WHAT THE TASK ASKS: For each record below, output its text exactly and skip any picture.

(Collected data)
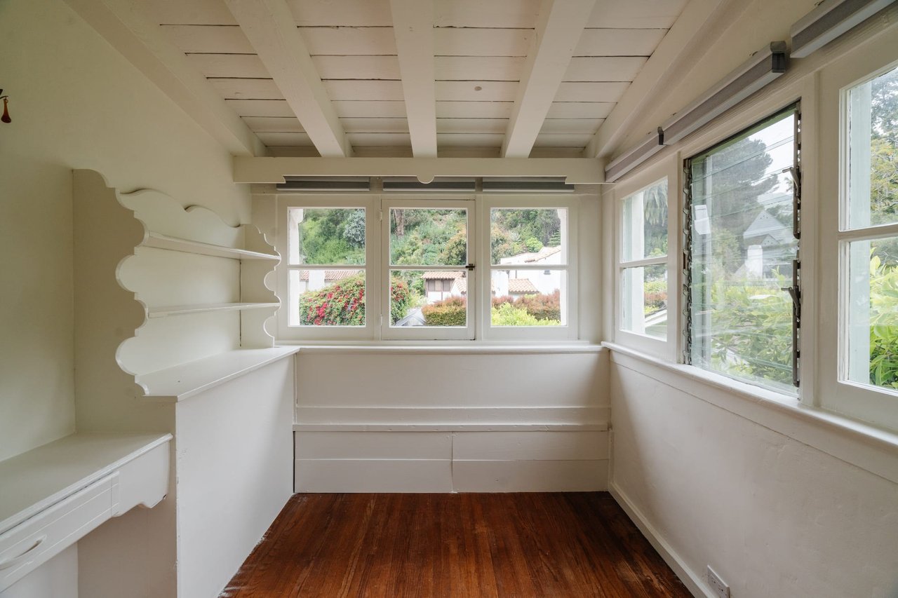 :: The James Conway Residence, 1928 :: First time on the market in 67 years, built by architect James Conway as his personal home :: Just minutes from Franklin Canyon Park, this grand and romantic Spanish has been lovingly cared for and maintained by the same family for two generations, and is now ready for its next chapter :: Vaulted and commanding king post truss ceilings are the hallmark of the oversized and intact living room that has original peg & groove floors, built ins, wooden windows and an arched, tile laced hearth. The deep dining room boasts artisan plaster ceilings and arched french doors, leading to the spacious exterior. Through arched pocket doors, the living room flows into a large den that also has convenient backyard access via additional character rich arched doors. The large kitchen, laundry and breakfast area offer a palate of timeless design for the next owner. On the other side of the kitchen, a bedroom and bathroom are ideal for guests or home office. An elegant, ascending staircase lined with original Malibu-style tiles bring one to the second story, comprised of 3 thoughtfully separated bedrooms and 2 bathrooms. A large, sun filled en suite primary overlooks the exterior and has a dressing area, separate vanity, plenty of closet space and bathroom with original 1928 tiles. A rear bedroom has pocket closets and is next to a second bathroom, also lined with vintage pink and mint 1920’s tile. Current owner has upgraded a majority of the plumbing and electrical systems to handle modern day living as well as installed central heat and AC. The home conveniently sits within the desirable Warner Avenue Elementary and Community Magnet Charter school districts and is just minutes from the serenity of Franklin Canyon Park, which has several area favorite hikes, trails and more. An incredibly rare restoration opportunity for a buyer who has a true passion for classic Los Angeles architecture.
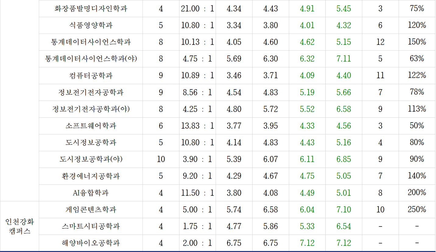 화장품발명디자인학과는 4명 모집에 21.00:1 경쟁률로 상당히 높았으며 4.34등급에 3번이 식품영양학과는 5명 모집에 10.80:1 에 3.34 에 6번이 통계데이터사이언스학과는 8명 모집에 10.13:1 에 평균 4.05등급에 12번이 합격이 처리되었습니다.
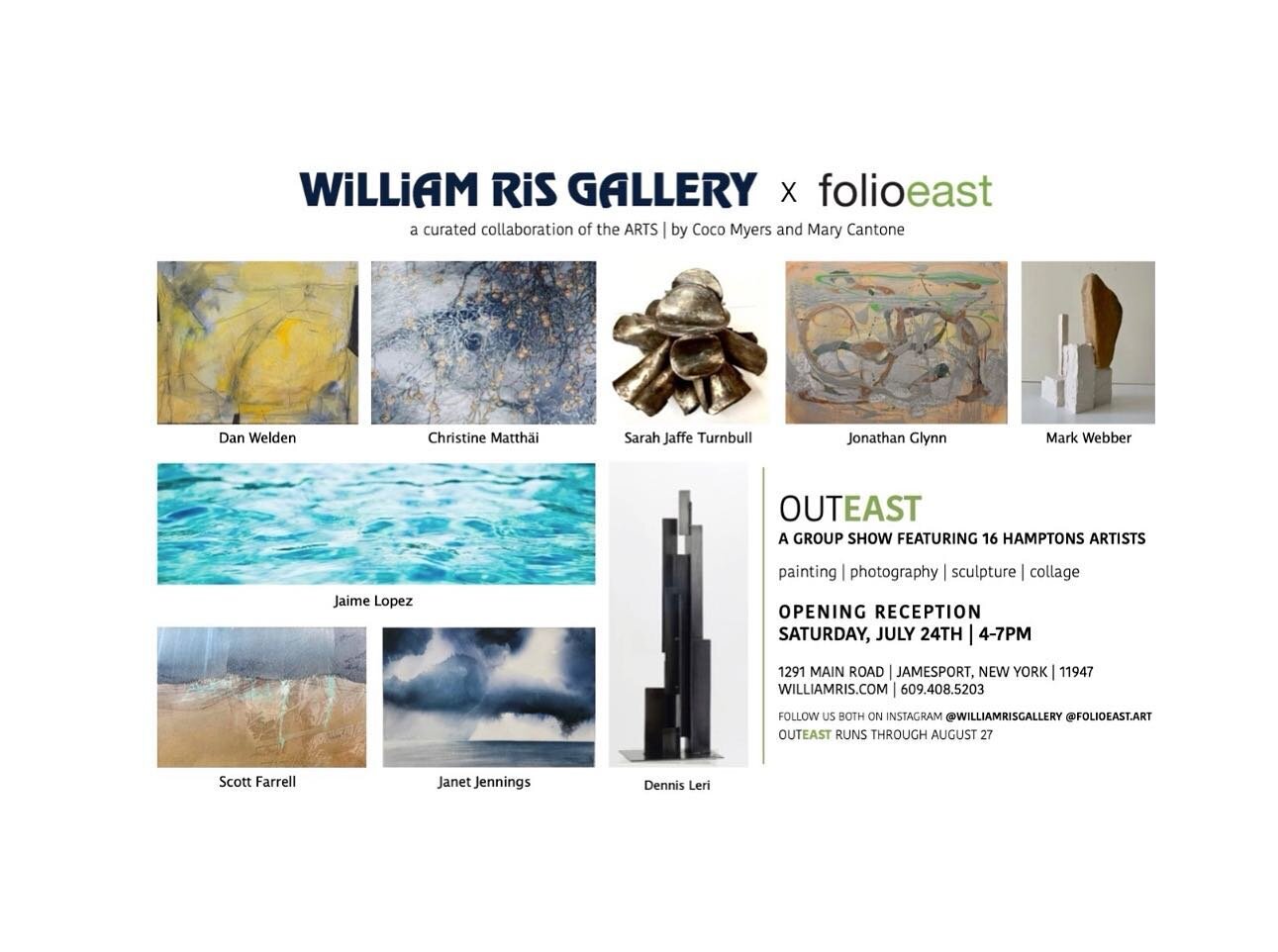 Designed with the mission of highlighting the community of East End artists, folioeast has since showcased the work of more than one hundred artists in venues as varied as Springs' iconic Ashawagh Hall, Robert Wilson's Watermill Center, The Clinton Academy and many other pop up spaces as well as in collaboration with East End galleries.
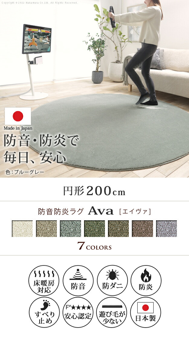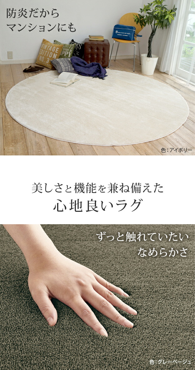 ラグ ラグカーペット 円形 防音防炎ラグ エイヴァ 円形200cm リビング 高級感 おしゃれ 北欧 シンプル 無地調 極細 ホットカーペット対応 オールシーズン 防音 防ダニ 防炎 すべり止め 日本製 カットオーダー
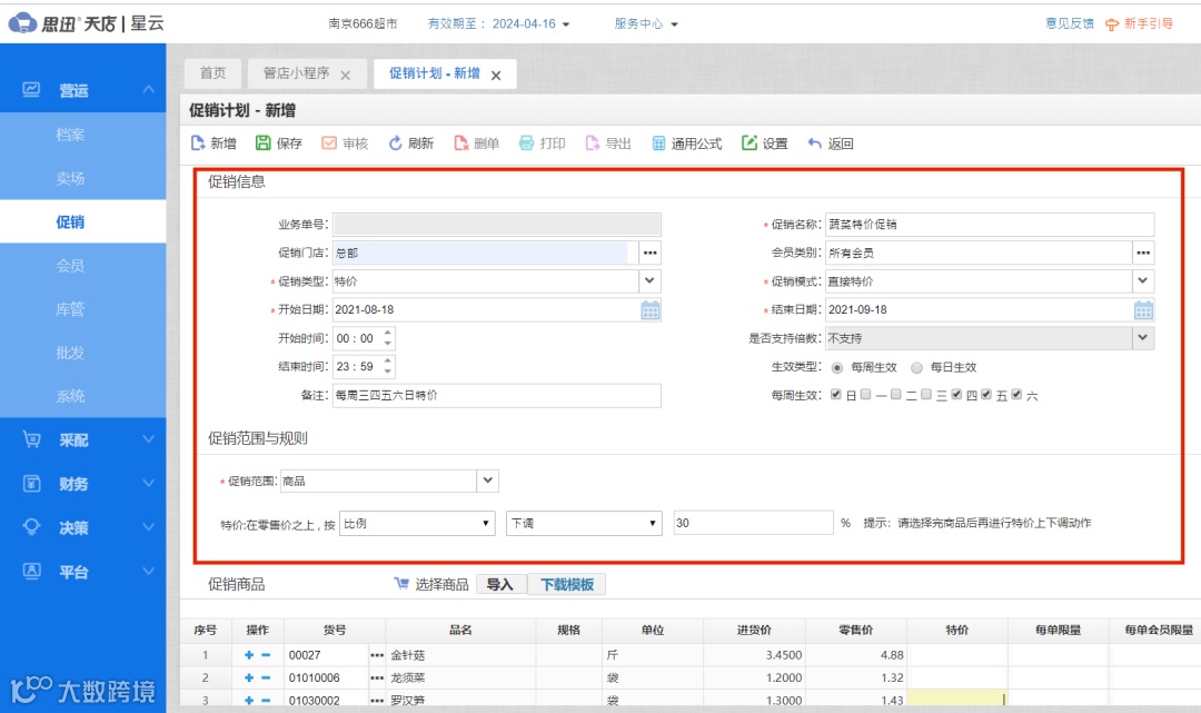 超市商品不仅种类繁多,并且同期不同种类商品优惠活动多样,怎样才能做到所有活动有序进行不杂乱?只需要在天店收银系统的后台中,在“促销管理”→“促销计划”中设置促销计划,添加“促销类型”,即可设置多种促销活动。

ANSWER:
 :: The James Conway Residence, 1928 :: First time on the market in 67 years, built by architect James Conway as his personal home :: Just minutes from Franklin Canyon Park, this grand and romantic Spanish has been lovingly cared for and maintained by the same family for two generations, and is now ready for its next chapter :: Vaulted and commanding king post truss ceilings are the hallmark of the oversized and intact living room that has original peg & groove floors, built ins, wooden windows and an arched, tile laced hearth. The deep dining room boasts artisan plaster ceilings and arched french doors, leading to the spacious exterior. Through arched pocket doors, the living room flows into a large den that also has convenient backyard access via additional character rich arched doors. The large kitchen, laundry and breakfast area offer a palate of timeless design for the next owner. On the other side of the kitchen, a bedroom and bathroom are ideal for guests or home office. An elegant, ascending staircase lined with original Malibu-style tiles bring one to the second story, comprised of 3 thoughtfully separated bedrooms and 2 bathrooms. A large, sun filled en suite primary overlooks the exterior and has a dressing area, separate vanity, plenty of closet space and bathroom with original 1928 tiles. A rear bedroom has pocket closets and is next to a second bathroom, also lined with vintage pink and mint 1920’s tile. Current owner has upgraded a majority of the plumbing and electrical systems to handle modern day living as well as installed central heat and AC. The home conveniently sits within the desirable Warner Avenue Elementary and Community Magnet Charter school districts and is just minutes from the serenity of Franklin Canyon Park, which has several area favorite hikes, trails and more. An incredibly rare restoration opportunity for a buyer who has a true passion for classic Los Angeles architecture.
 화장품발명디자인학과는 4명 모집에 21.00:1 경쟁률로 상당히 높았으며 4.34등급에 3번이 식품영양학과는 5명 모집에 10.80:1 에 3.34 에 6번이 통계데이터사이언스학과는 8명 모집에 10.13:1 에 평균 4.05등급에 12번이 합격이 처리되었습니다.
 Designed with the mission of highlighting the community of East End artists, folioeast has since showcased the work of more than one hundred artists in venues as varied as Springs' iconic Ashawagh Hall, Robert Wilson's Watermill Center, The Clinton Academy and many other pop up spaces as well as in collaboration with East End galleries.
 ラグ ラグカーペット 円形 防音防炎ラグ エイヴァ 円形200cm リビング 高級感 おしゃれ 北欧 シンプル 無地調 極細 ホットカーペット対応 オールシーズン 防音 防ダニ 防炎 すべり止め 日本製 カットオーダー
 超市商品不仅种类繁多,并且同期不同种类商品优惠活动多样,怎样才能做到所有活动有序进行不杂乱?只需要在天店收银系统的后台中,在“促销管理”→“促销计划”中设置促销计划,添加“促销类型”,即可设置多种促销活动。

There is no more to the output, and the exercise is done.